Police admit they have no leads on the possible homicide at 56 Callaberry St., but say they were called to the scene by a-
Huh.
“Detective Brogan!” All the other reporters called him Jake in public. She didn’t. They had to be careful. But she had one more question.
“Detective Brogan, Jane Ryland with a follow-up. You said you have no witnesses and no information. So who called nine-one-one?”
“Miss Ryland, any further information will have to come from Tom O’Day, media relations, at headquarters.” Jake was answering Jane’s question, hiding a smile, of course she would pick up on the crux of this thing, but suddenly Jane wasn’t listening to him. She’d picked up a cell phone call in the middle of a news conference? Who’d be so important? “That’s it, folks. Thank you.”
He turned away from the mics and the lights and the still-clamoring reporters. That was over, at least. With no exploding land mines. It’d be worth some brownie points with the Supe, too, who’d probably monitored the whole thing on that ancient TV in his office. Now on to-he turned to check, couldn’t help it. Jane still had her back to the house, hand cupped over her phone. Who was she talking to so intently?
“Leonard Perl,” DeLuca interrupted his thoughts.
“Huh?” Jake said, turning back to him. “Pearl?”
“P-E-R-L. He’s the landlord, according to the Afterwards dude,” DeLuca said. “Lives in Florida. ‘Fort Something,’ the genius told me. So, case closed. We find this Leonard Perl, get the four-one-one on his tenant, track down her ex-husband or whatever, read ’im his rights, go home, and watch Law and Order. DeLuca and Brogan score again.”
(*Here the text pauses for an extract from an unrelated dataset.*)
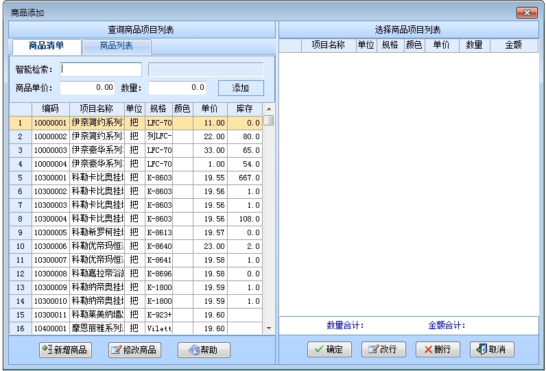 在窗口中选择供货商名称、采购仓库及经办人。点击“增加商品”按钮出现增加商品窗口:

“Detectives?” Kat McMahan trotted across the first floor landing and down the stairway, white lab coat flapping over her T-shirt and scrubs, her latex gloves not touching the walls or the banister. “Can you come upstairs again? I need to show you something.”
12
“Can we go now? Please?” Kellianne Sessions gripped both hands over the back of the front seat, pleading with her older brother as he got into their van. Kev had joined the group of neighbors who arrived to check out the reporters while Keefer had stayed in the front seat, obliv, glued to his iPod. She’d sat through the whole news conference, sulking, sinking into her parka. Trapped, totally, by this whole thing. People had to die for them to get paid. How sick was that?
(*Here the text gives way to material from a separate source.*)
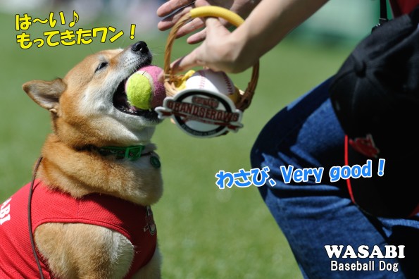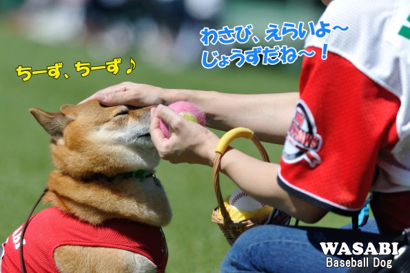 実は、この日、わさびはベースボール犬として球場にデビューしてから

She’d probably wind up with some disease from all the junk they had to use to clean up after somebody who died. Whatever got rid of the stench and the crud, had to, like, eat away at your lungs and blood when you breathed it in. Sometimes the death smell stuck in her nose no matter what she did. She knew people looked at her funny. The smell was always part of her.
“What’s the prob, Kel?” Kevin slammed the driver’s side door. “You got a big date or something? He can wait. Then you can tell him all about your latest cleanup job. Bet the guys go nuts over that. You’re the queen-a-death.”
Jerk. She kicked the front seat with her boot for punctuation.
“Huh?” Keefer turned around, eyes wide, yanking out one earbud.
“Ignore her,” Kevin told him. “Here’s the drill. We’ll wait till the cops leave, then go in and scope out the place. The landlord’s guy got a key for us. We gotta see what there is, what we need to bring. We gotta call the landlord and give him the estimate-he’s got insurance, so we’re golden.”
“Oh, right.” Kellianne rolled her eyes. The estimate. Like that was reality.
“Then we’ll book. And you can head off to meet Prince Charming.”